The sculpture of Colin Powell should have been located rotating in the circular space of the table and there would really be something to talk about. All I overheard was a mother being asked by her young daughter 'What is he holding?' and she off-handedly with a cursory glance answered 'a bullet'. I think it was a chemical phial, weren't we meant to be dealing with weapons of mass destruction. Don't hold your breath waiting for the trial of the murderer of Alexander Litvinenko who had a 'substantial' dose of Polonium-210. It only needed a little phial like Colin Powell was holding? Don't forget Saddam Hussein gassed thousands of innocent Kurds in Halabja in 1988. But the only ones we know about are in nursery rhymes with curds and whey. What is whey mum? Is it like you are getting in my whey? It's alright dear, when you grow up you'll learn that mums and dads don't give you answers for everything. It's sad that Norman King's 1938 leaflets on poster design, banners, typography and script writing look more attractive than Goshka Macuga's newspaper. I'll get a good night's sleep and read it in the morning and see if it is worth the paper it's printed on. Maybe she can cadge a lift with my Polish builder friends, they are heading home for the recession. Oh, you're still there! No, it wasn't worth the paper it's printed on. A new newspaper with nothing new.

It's time to re-appropriate the 1974 Iranian graffiti "Kill Lies All". Try reading it from right to left.
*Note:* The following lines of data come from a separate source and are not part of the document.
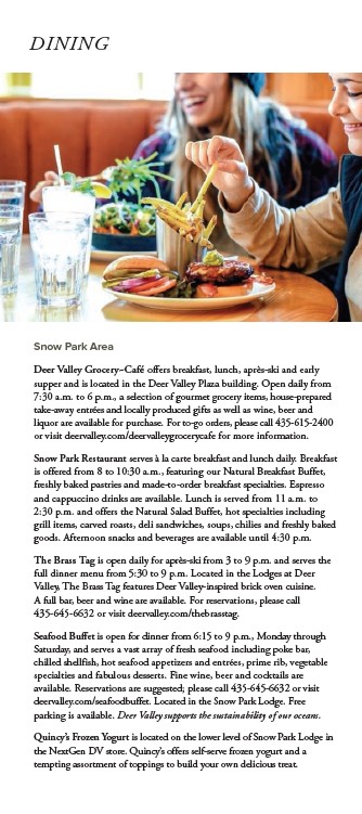 parking is available. Deer Valley supports the sustainability of our oceans.
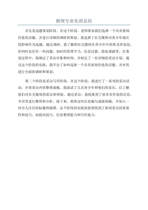 二、新闻采访1. 筹备工作在进行新闻采访前,我首先了解并研究采访对象、主题和背景资料,为采访做好准备。
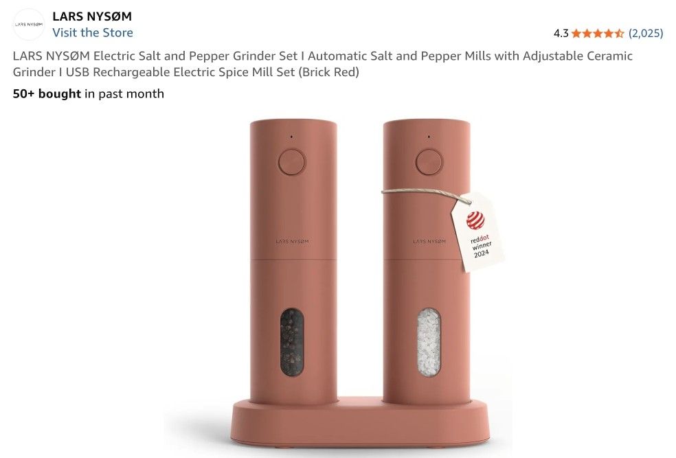 New set in box - Pick up near George Washington high school- Denver 80224 LARS NYSØM Electric Salt and Pepper Grinder Set I Automatic Salt and Pepper Mills with Adjustable Ceramic Grinder I USB Rechargeable Electric Spice Mill Set (Brick Red)
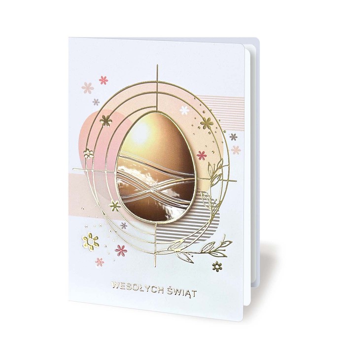 Elegancka kartka wielkanocna o nowoczesnym charakterze, która zachwyca wyważoną kompozycją geometrycznych form i delikatnych, wiosennych akcentów. Centralny motyw jajka, wzbogacony wypukłym złoceniem oraz efektem druku 3D, tworzy wrażenie głębi i subtelnego połysku. Pastelowa kolorystyka w połączeniu ze złotymi liniami i drobnymi motywami kwiatowymi nadaje całości lekkości, świeżości i współczesnej elegancji, idealnie wpisującej się w klimat Świąt Wielkanocnych.
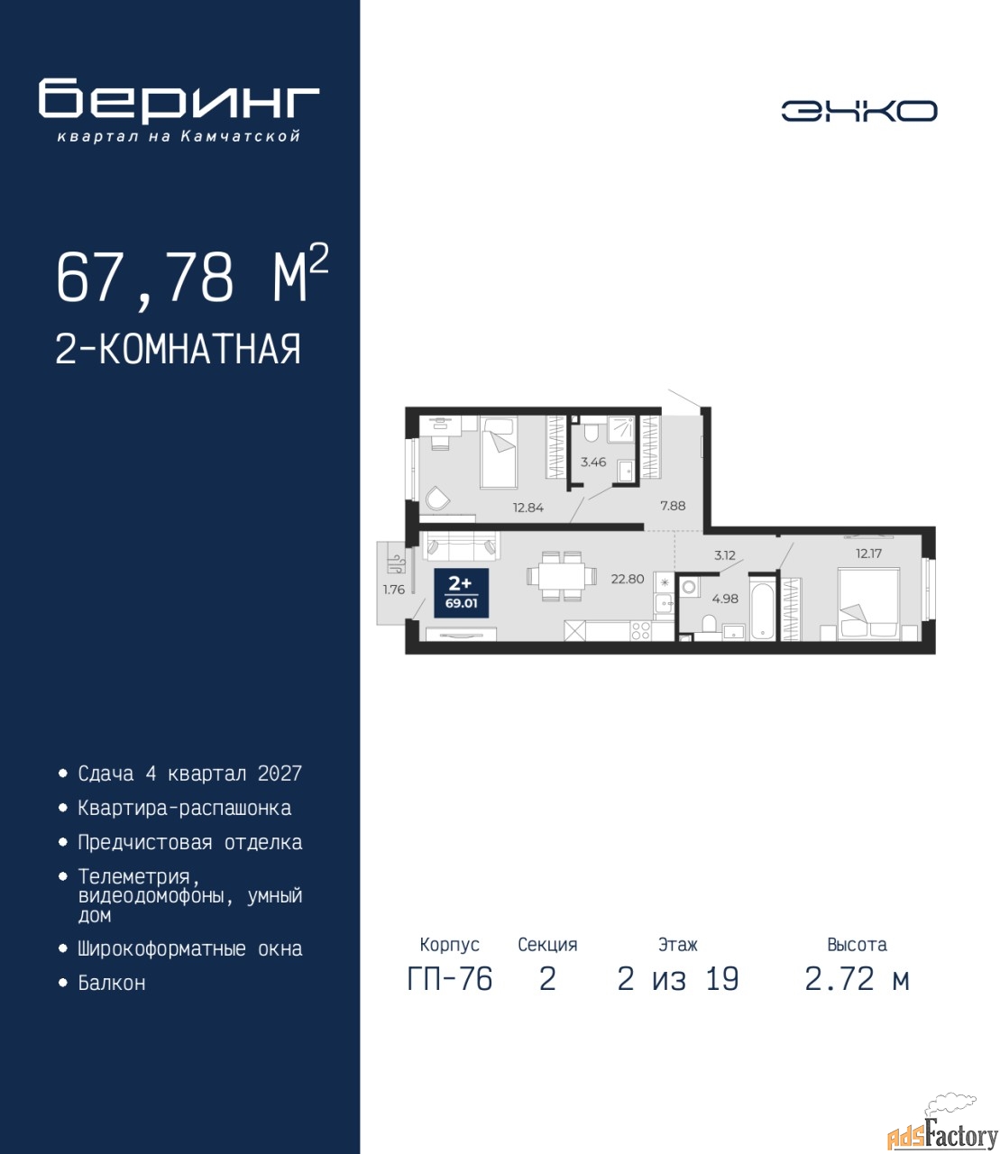 Дом монолитный, черырехподъездный, переменной этажности, от 19 до 24 этажей. Квартира находится во 2-й секции высотой 19 этажей в корпусе ГП-76. На этаже 8 квартир. В подъезде 1 пассажирский и 1 грузовой лифт. Окончание строительства - 4 квартал 2027 года. Оформление сделки по договору долевого участия.
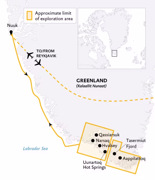 Explore los paisajes más salvajes del sur de Groenlandia, desde icebergs imponentes hasta la histórica cultura vikinga. Visite asentamientos remotos, camine por la "Patagonia Ártica" y descubra ruinas norse en un viaje inolvidable de 12 días.

Can I bring my embroidery kit and work it into the tapestry?

Well most of the shows are only there for a couple of weeks. But I do look forward to the forthcoming additional exhibitions of the British Council Collection. Oh, I nearly forgot to mention the weather vane by Rodney Graham. I'm not inclined to change my opinions whichever way the wind blows.

It's quite prophetic. I wonder if he trained the horse to walk backwards. I must get a copy of Erasmus's 'The Praise of Folly'. And while I'm at it I'll see if Bob Walsh has more bright ideas like his 'The Conservationist.' If you really want to learn how to do everything properly go down to the new Saatchi Gallery. Even the paintwork of the main hall at Henrietta Barnet School for Girls looks better than this. You could set the girls the task of painting an Homage to Henrietta.

Is the Whitechapel Gallery half-finished, or half-started? Pour me another glass and I'll tell you. We'll know when the graffiti taggers and Banksyites join the Trotskyites and get going with their spray cans on the unfinished walls. The chewing gum brigade is already treading in its masticated art just as they do even in The Tower of London. No, I didn't see a clash of symbols, Waldemar, just the distant clatter of clashing dustbin lids. Does anyone know where I can buy some big blue curtains? Has anyone got Christo and Jeanne-Claude's number, then I can wrap this Whitechapel Art Gallery issue up. They wouldn't have dared open to the public on April Fool's Day.